Type the data below again exactly. Omit all pictures.

################

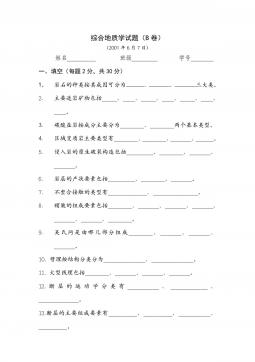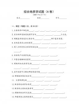 综合地质学2000年试题(A卷)一、名词解释(每题3分,共10个小题,共30分)1.角度不整合2.岩屑砂岩3.倾斜岩层走向4.剪应力5.纵弯褶皱作用6.逆冲推覆构造7.连续劈理8.花岗闪长岩9.片岩10.极射赤平投影二、简述题(每小题10分,共20分)1.简述张节理与剪节理的区别(10分)2.简述沉积环境的主要判别标志(10分)综合地质学2000年试题(A卷)一、名词解释(每题3分,共10个小题,共30分)1.角度不整合2.岩屑砂岩3.倾斜岩层走向4.剪应力5.纵弯褶皱作用6.逆冲推覆构造7.连续劈理8.花岗闪长岩9.片岩10.极射赤平投影二、简述题(每小题10分,共20分)1.简述张节理与剪...
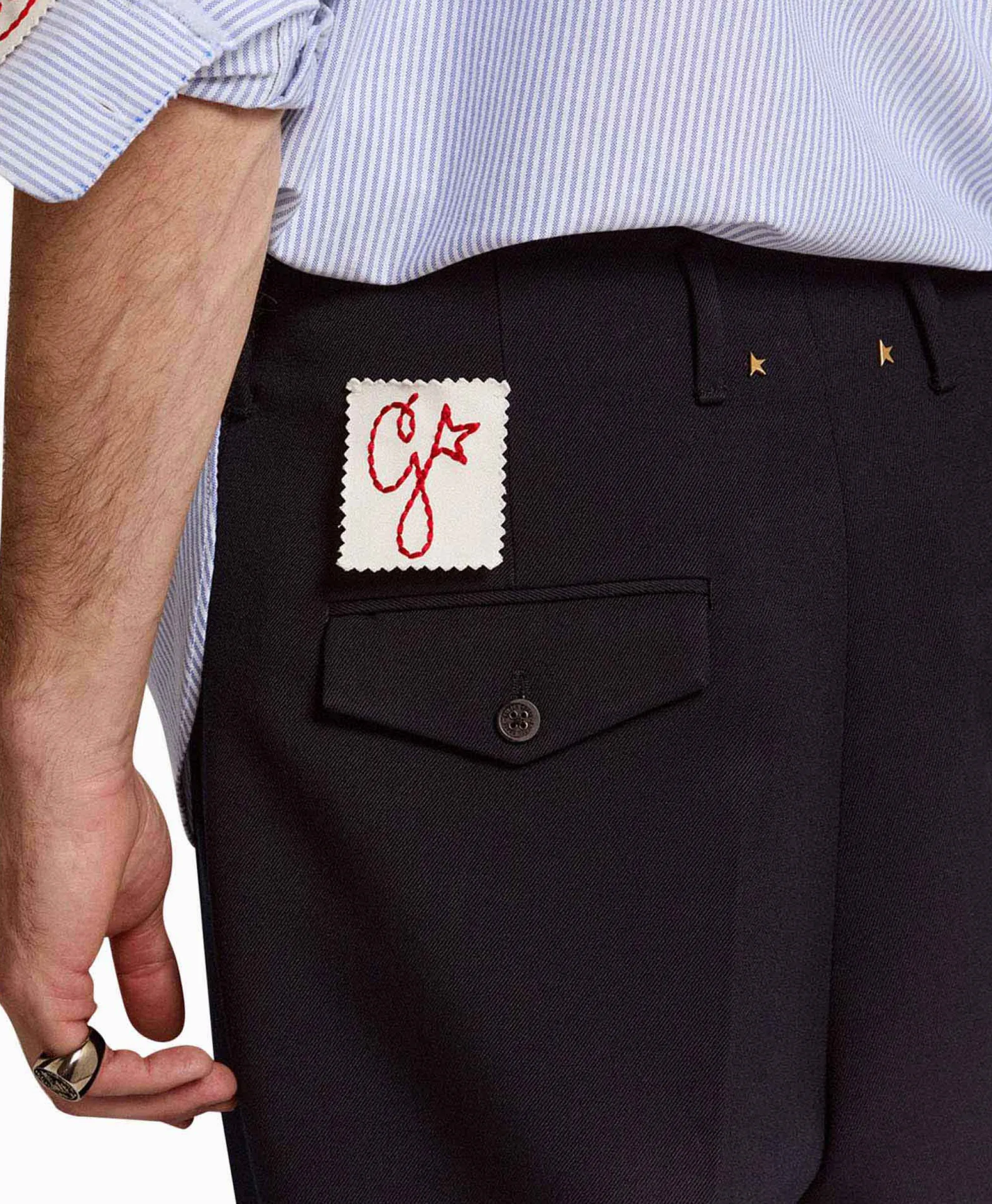 Een Unieke, Tijdloze Collectie Die De Essentie Van Golden Goose Omvat, Ontworpen Om Elke Dag Te Dragen. Deze Donkerblauwe Wollen Broek Heeft Wijde Pijpen En Coupenaden Aan De Voorkant. De Afneembare Witte Patch Met Een Fijn Geborduurde Letter G In Rood Maakt Het Geheel Af. Hoofdmateriaal: 66% Polyester En 34% Scheerwol
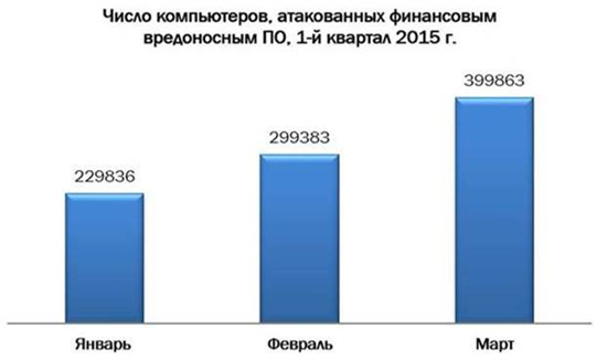 Число пользователей, столкнувшихся с попытками кражи денег с банковских онлайн-счетов, за первые три месяца этого года увеличилось на 64%. Такие данные озвучили эксперты KasperskyLab на основе анализа киберугроз в первом квартале 2015 года, сообщает IT Expert.
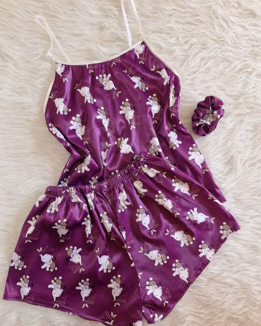 ست تاپ و شورتک ساتن با اسکرانچی بلندی تاپ(بند رکابی قابل تنظیم) ۵۲ دور سینه با نهایت کش ۵۰ بلندی شورتک ۳۳ کمر با نهایت کش ۵۹ مناسب ۴۰ تک رنگ بنفش
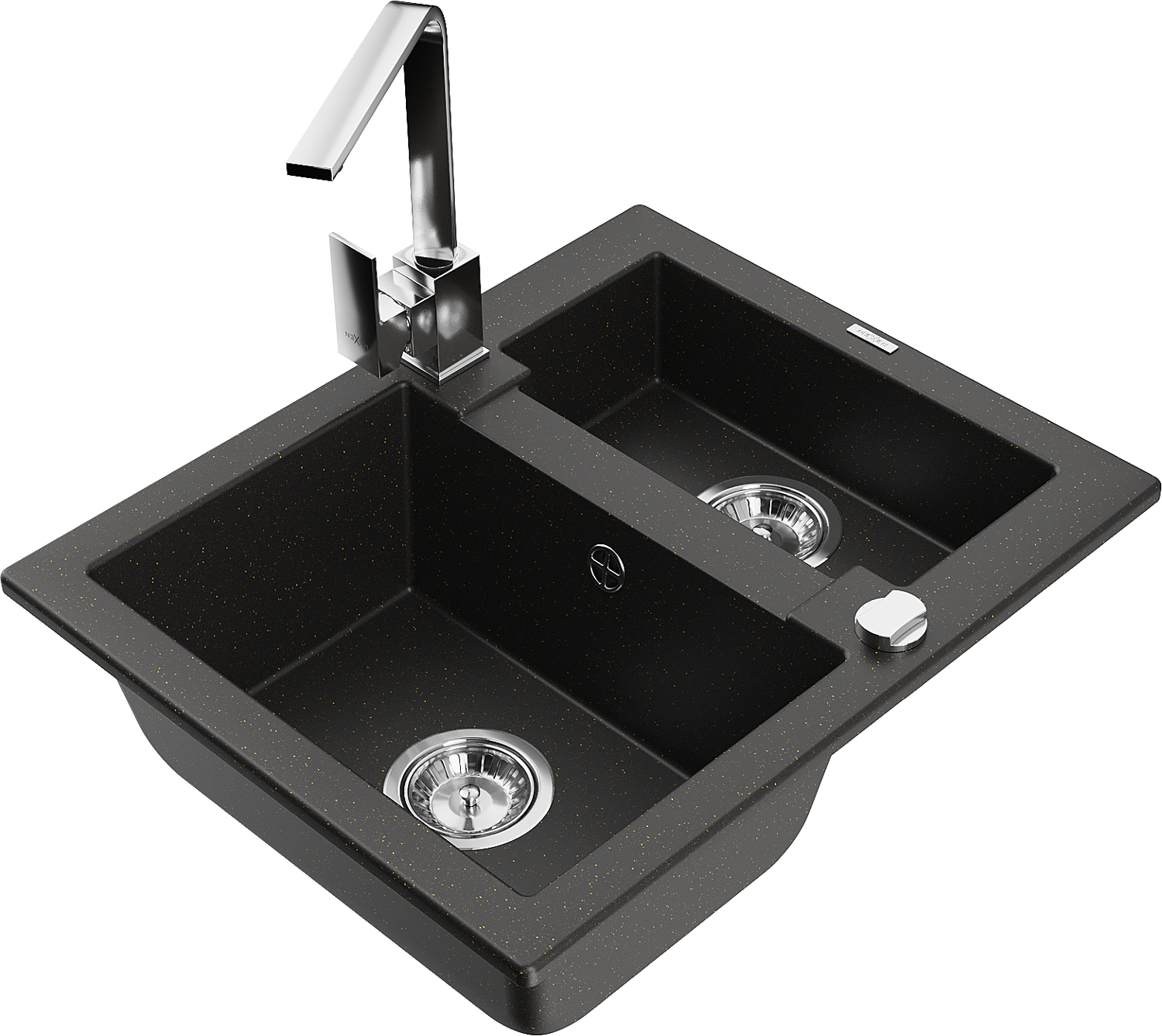 Mexen Carlos granitový dřez 1,5-komorový s kuchyňskou baterií Rita, černý/zlatý metalik - 6518-75-670300-00
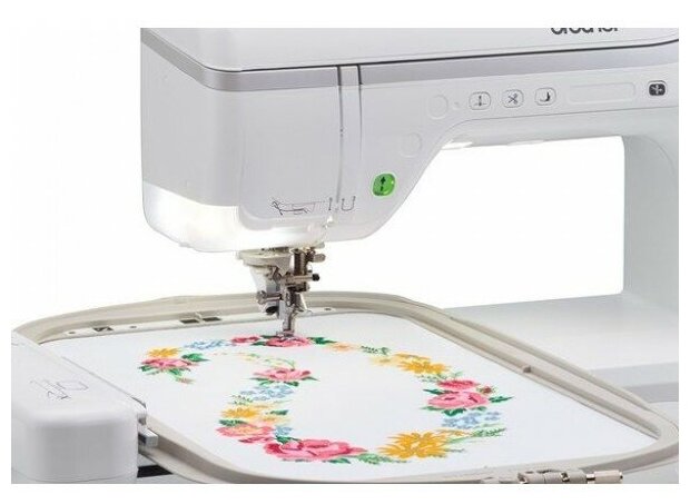 Power: 80 W, display: touch color, PC control, USB port, maximum stitch length: 5 mm, maximum stitch width: 7 mm, maximum embroidery speed: 1050 ties/hour, number of sewing operations: 727 pieces, th
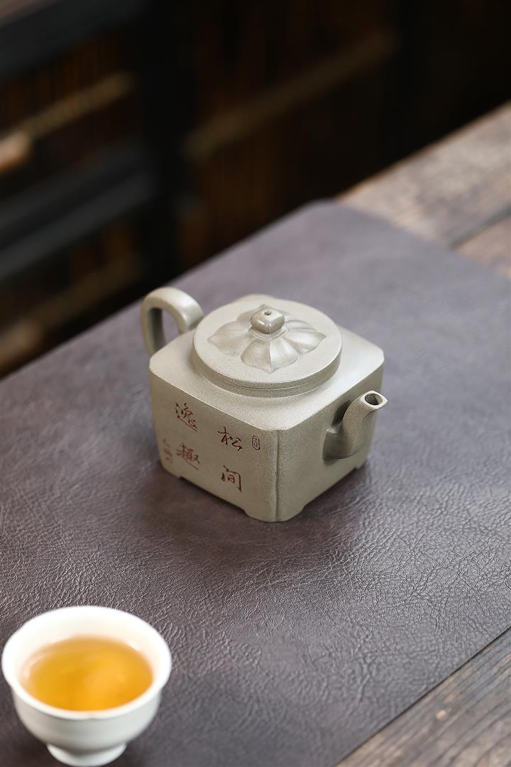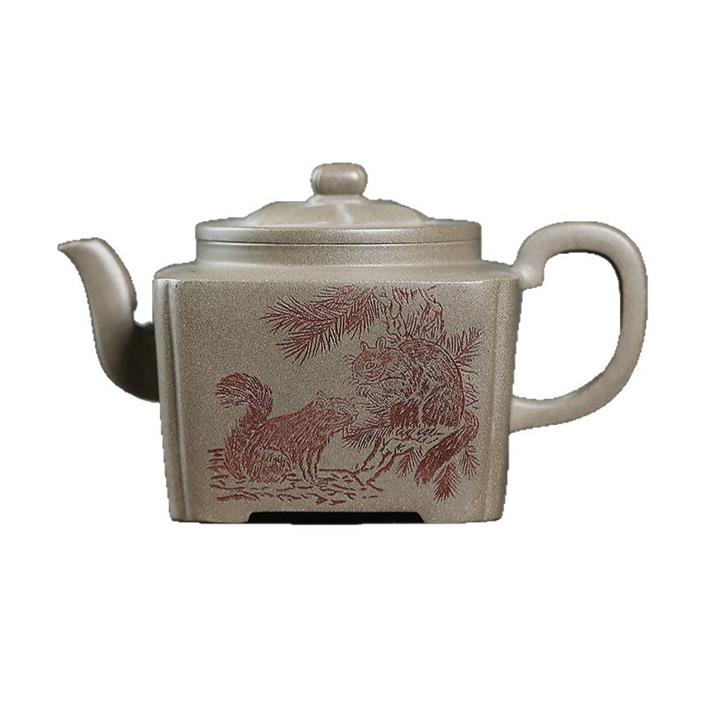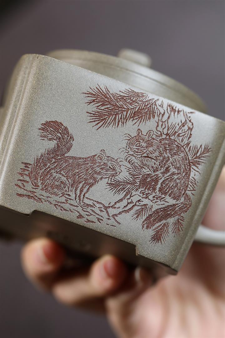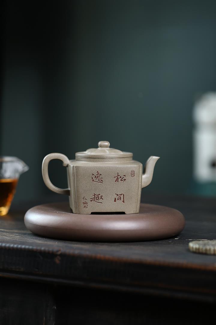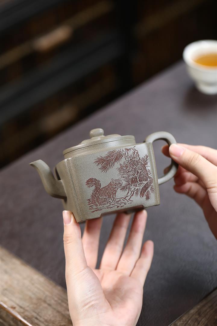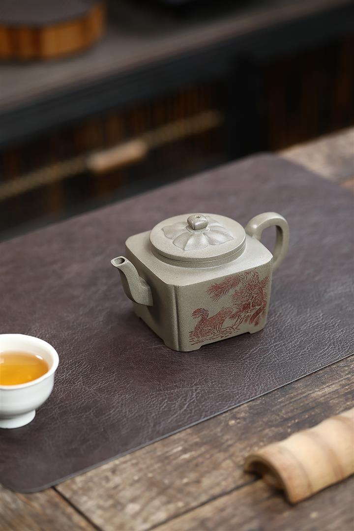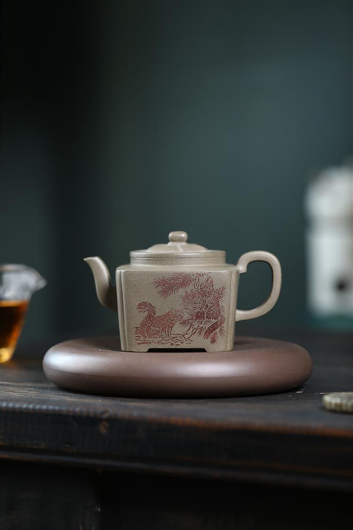 300cc原礦蟹殼青四方松間逸趣茶壺POT8976
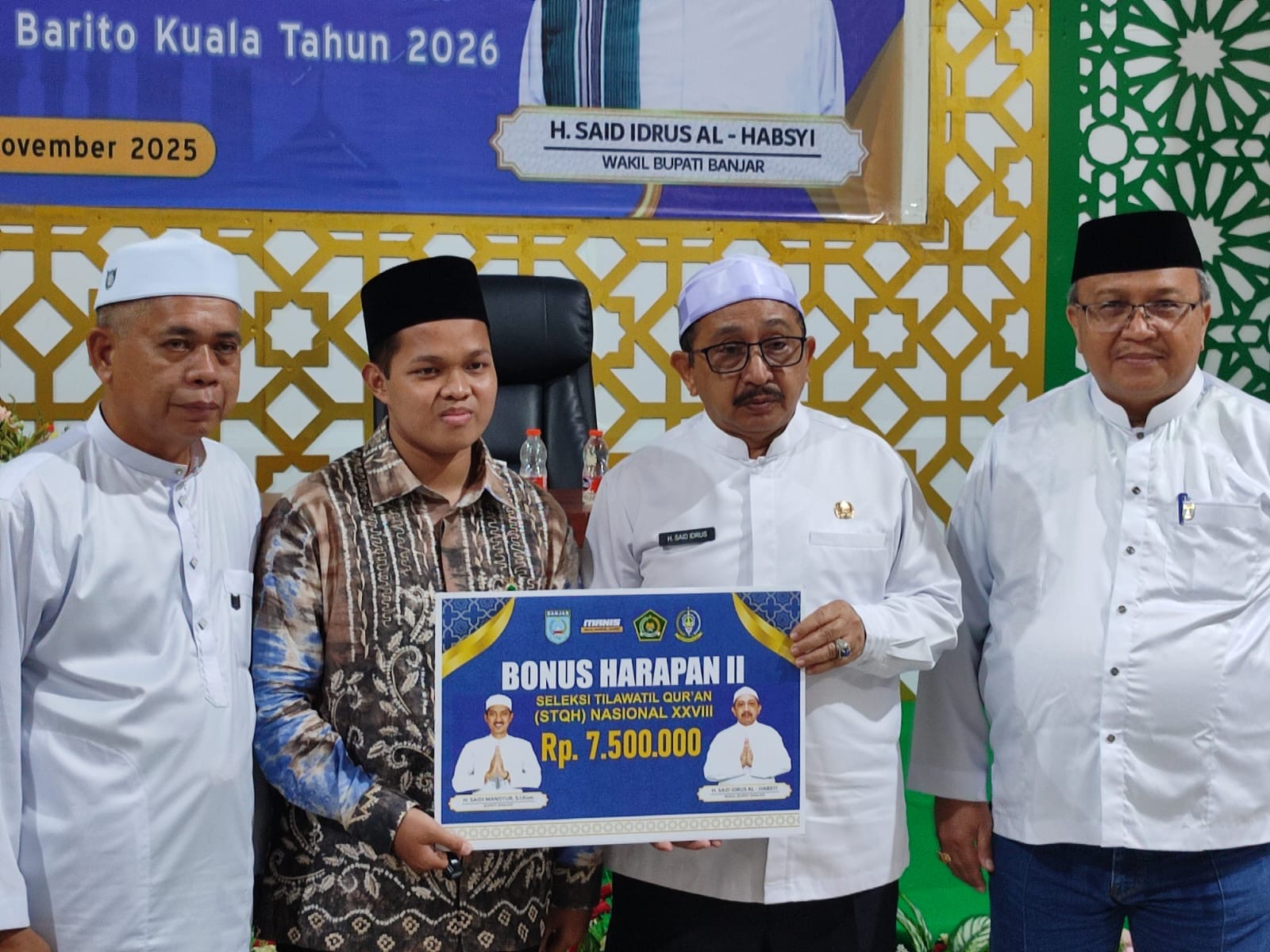 Sebagai bentuk apresiasi, dalam kesempatan tersebut juga dilakukan penyerahan bonus kepada Ahmad Khotib yang berhasil meraih Juara Harapan II pada cabang 10 Juz di Seleksi Tilawatil Quran dan Hadis (STQH) Nasional XXVIII. Bonus pembinaan sebesar Rp7,5 juta tersebut diserahkan secara langsung oleh Wakil Bupati Banjar.

################

◆ Solution for this problem:
 综合地质学2000年试题(A卷)一、名词解释(每题3分,共10个小题,共30分)1.角度不整合2.岩屑砂岩3.倾斜岩层走向4.剪应力5.纵弯褶皱作用6.逆冲推覆构造7.连续劈理8.花岗闪长岩9.片岩10.极射赤平投影二、简述题(每小题10分,共20分)1.简述张节理与剪节理的区别(10分)2.简述沉积环境的主要判别标志(10分)综合地质学2000年试题(A卷)一、名词解释(每题3分,共10个小题,共30分)1.角度不整合2.岩屑砂岩3.倾斜岩层走向4.剪应力5.纵弯褶皱作用6.逆冲推覆构造7.连续劈理8.花岗闪长岩9.片岩10.极射赤平投影二、简述题(每小题10分,共20分)1.简述张节理与剪...
 Een Unieke, Tijdloze Collectie Die De Essentie Van Golden Goose Omvat, Ontworpen Om Elke Dag Te Dragen. Deze Donkerblauwe Wollen Broek Heeft Wijde Pijpen En Coupenaden Aan De Voorkant. De Afneembare Witte Patch Met Een Fijn Geborduurde Letter G In Rood Maakt Het Geheel Af. Hoofdmateriaal: 66% Polyester En 34% Scheerwol
 Число пользователей, столкнувшихся с попытками кражи денег с банковских онлайн-счетов, за первые три месяца этого года увеличилось на 64%. Такие данные озвучили эксперты KasperskyLab на основе анализа киберугроз в первом квартале 2015 года, сообщает IT Expert.
 ست تاپ و شورتک ساتن با اسکرانچی بلندی تاپ(بند رکابی قابل تنظیم) ۵۲ دور سینه با نهایت کش ۵۰ بلندی شورتک ۳۳ کمر با نهایت کش ۵۹ مناسب ۴۰ تک رنگ بنفش
 Mexen Carlos granitový dřez 1,5-komorový s kuchyňskou baterií Rita, černý/zlatý metalik - 6518-75-670300-00
 Power: 80 W, display: touch color, PC control, USB port, maximum stitch length: 5 mm, maximum stitch width: 7 mm, maximum embroidery speed: 1050 ties/hour, number of sewing operations: 727 pieces, th
 300cc原礦蟹殼青四方松間逸趣茶壺POT8976
 Sebagai bentuk apresiasi, dalam kesempatan tersebut juga dilakukan penyerahan bonus kepada Ahmad Khotib yang berhasil meraih Juara Harapan II pada cabang 10 Juz di Seleksi Tilawatil Quran dan Hadis (STQH) Nasional XXVIII. Bonus pembinaan sebesar Rp7,5 juta tersebut diserahkan secara langsung oleh Wakil Bupati Banjar.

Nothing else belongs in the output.